What is one of your favorite Bible stories?
As you know
if you have read Dear Children, none of the New Testament was
written contemporaneously with Jesus’ life. Jesus never wrote anything. There
was no secretary or reporter writing down what Jesus said or what he was doing
that made it into the New Testament. The Gospels were written long after his
death and, except for Mark, were undoubtedly written to promote a religion
founded on Jesus’ “Deity.” Even the last verses of Mark were changed hundreds
of year after he wrote the Gospel to add the “fact” that Jesus rose from the
dead – it was not contained in the original version because, when written, Mark
was not in the business of selling Jesus as a “Deity.”
The
Old Testament is a different matter. The first five books of the Old Testament
are the Jewish holy book, the Torah. Thereafter, the books of
the Old Testament contain books of history, of prophesy, of poetry, and of
teaching. Most were written to record events contemporaneously. Accordingly,
most of the stories following the first five books can be relied upon as having
actually occurred. Well, not Jonah being swallowed by a whale or Daniel in the
lion’s den. Jewish story tellers were not beyond making up a tale to support a
moral lesson.
When we were children, our Sunday School lessons were filled with stories. One
would have hoped that some were accurate, but even as a child I found it
difficult to believe the stories that were told in what people described to me
as “the Word of God”.
I recall a Sunday School class when I was about ten in which we were discussing
Noah and the ark. I asked the teacher how Noah kept the predators that were
carnivores (like tigers, lions, and jaguars) from eating all the 200 species of
deer. And how did Noah store enough grass and leaves to feed the elephants,
giraffes, cows, horses, deer, and plant eating species of dinosaurs. Or is this
why all the dinosaurs disappeared – because their sins were so bad that even
God could not forgive the entire species and destroyed them in the flood. And
what was the point of the story? Was it if God makes a mistake in creation, he
destroys it all? Needless to say, the teacher had no answers for my questions
and I received a lecture later that day about keeping my big mouth shut in
Sunday School classes.
The “moral” of the story made no sense to me. At least, when Aesop made up a
story like “The Tortoise and the Hare” you quickly understood the moral he was
imparting. Slow but steady progress is usually better than rushing a job and
making mistakes. The careful plodder always wins in the end no matter how
exciting the speedster’s initial burst of speed may be.

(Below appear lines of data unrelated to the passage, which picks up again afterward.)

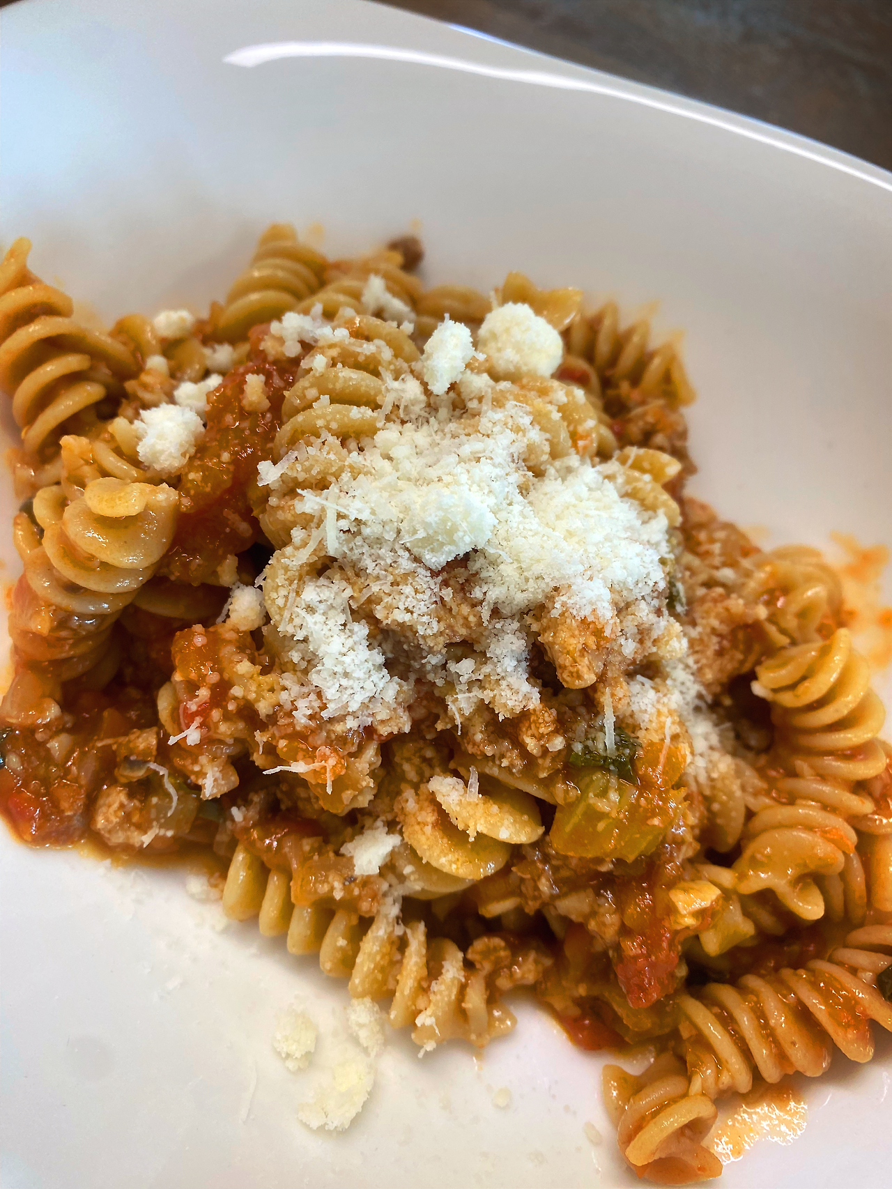 파스타를 끓여서 라구소스를 붓고 치즈가루를 뿌리니 먹음직스럽네요! 회사에 가져가서 먹어도 맛있더라고요!
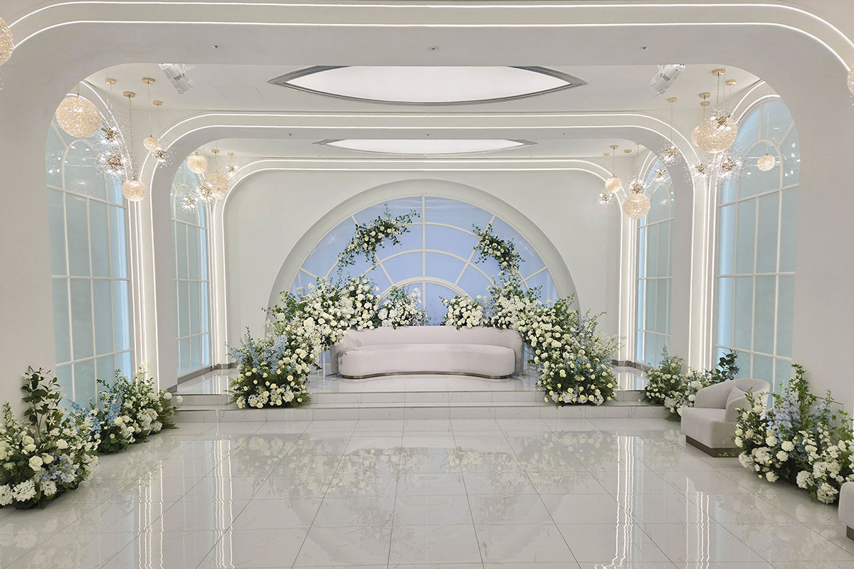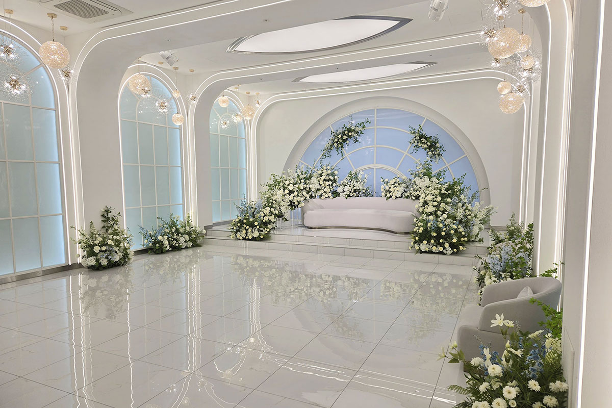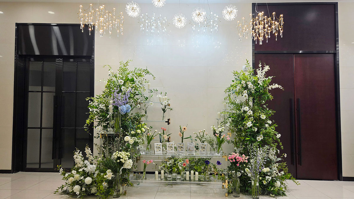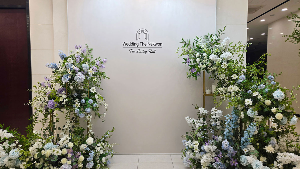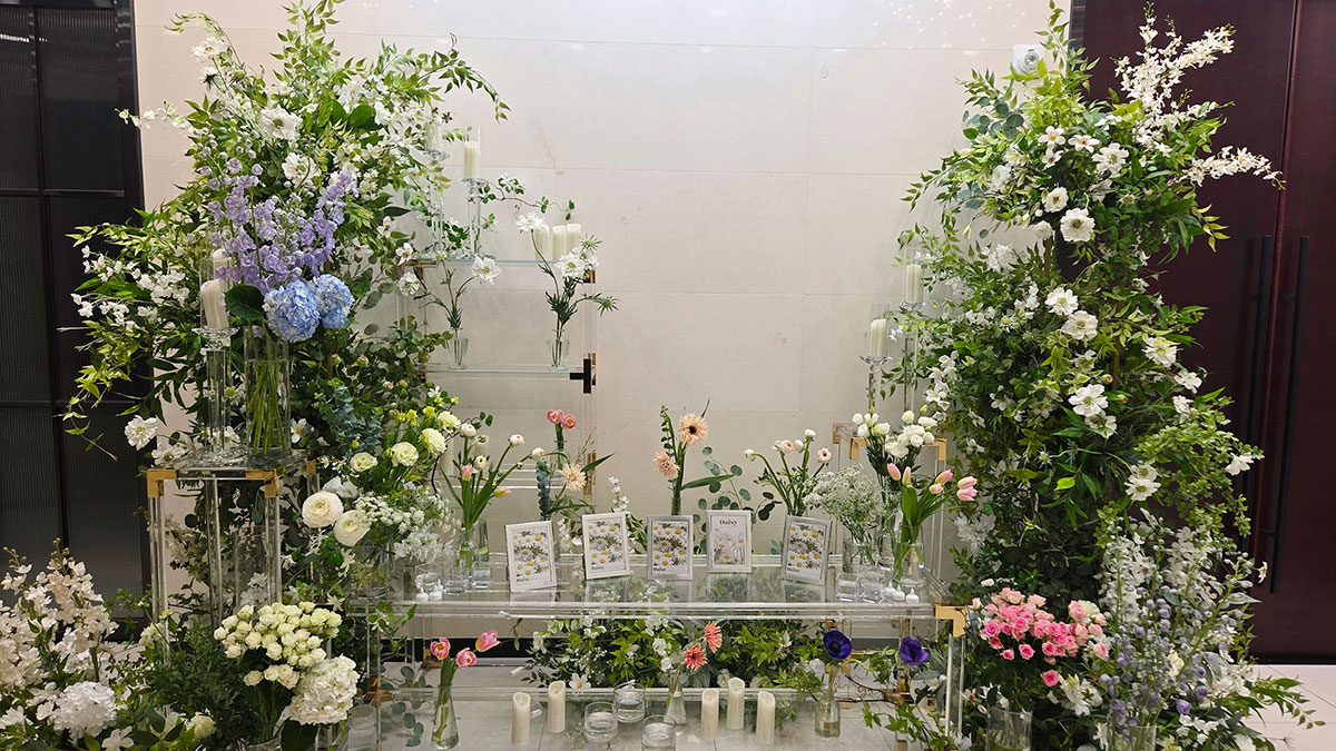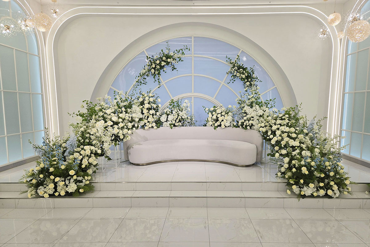 화이트와 블루가 어우러진 풍성한 생화 연출은
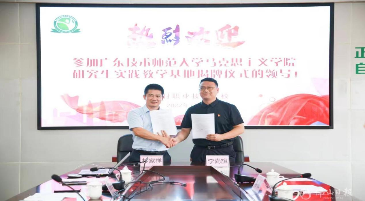 2022年7月1日,bevictor伟德官网经理李尚旗、广东省中等职业公司德育研究与指导中心主任汪永智、bevictor伟德官网副经理唐斌以及研究生工作秘书杨梦琳老师一行四人赴佛山市顺德区陈村职业技术公司进行交流,双方举行了共建研究生联合培养实践教学基地的签约仪式。陈村职业技术公司董事长林家祥等七位领导、老师出席了签约仪式。
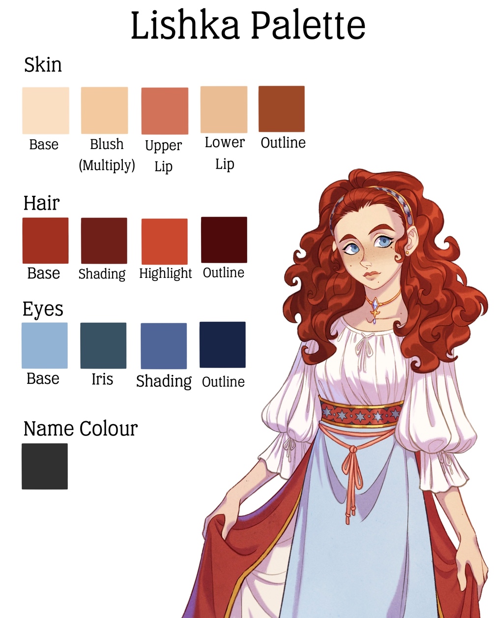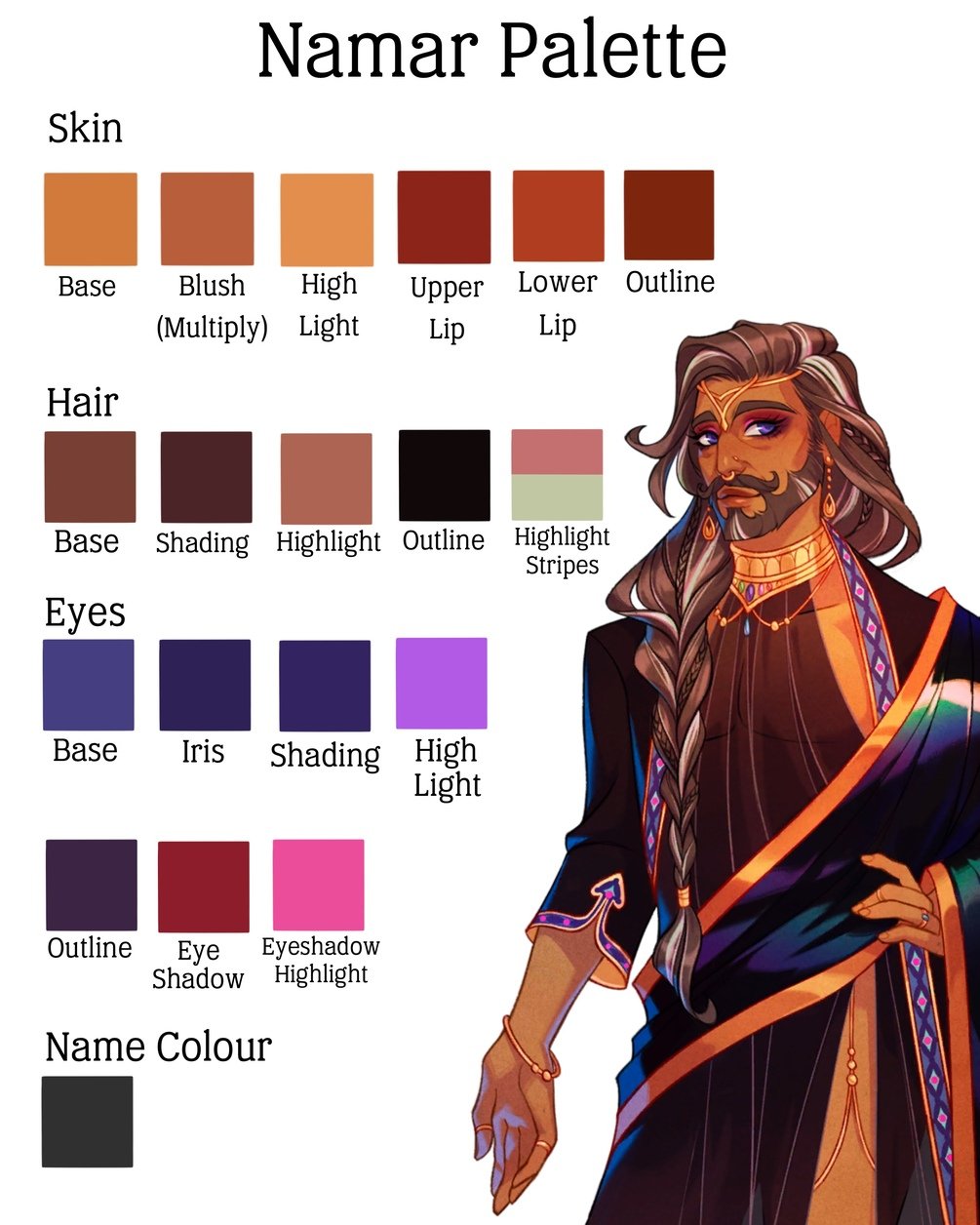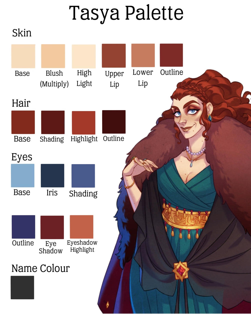 Free colour palettes for all the Parents/Parental figures of the Main 6 characters from the Arcana game, to be used as an art resource to help with colouring. Name colour is the characters name card in game. All the characters have the default colour. This is only digital download. There is no physical item.

Even Jesus knew how to tell a story so the “moral” was clear. The story of God
providing three different people with talents – one with ten; one with five;
and one with only one – made sense. If you had a talent for music, sports,
poetry, carpentry, and cooking, use them to develop even more skills – perhaps
composition, coaching, song writing, architecture, and running your own
restaurant. In pursuing the non-spiritual aspects of life with dedication,
vigor , and stamina, you were fulfilling God’s will just as much as living a
spiritually devoted life. If you failed to use even the one non-spiritual
talent God provided you, God’s will for you had been thwarted no matter how
spiritually devoted a life you had lived. Simple story; easily understood.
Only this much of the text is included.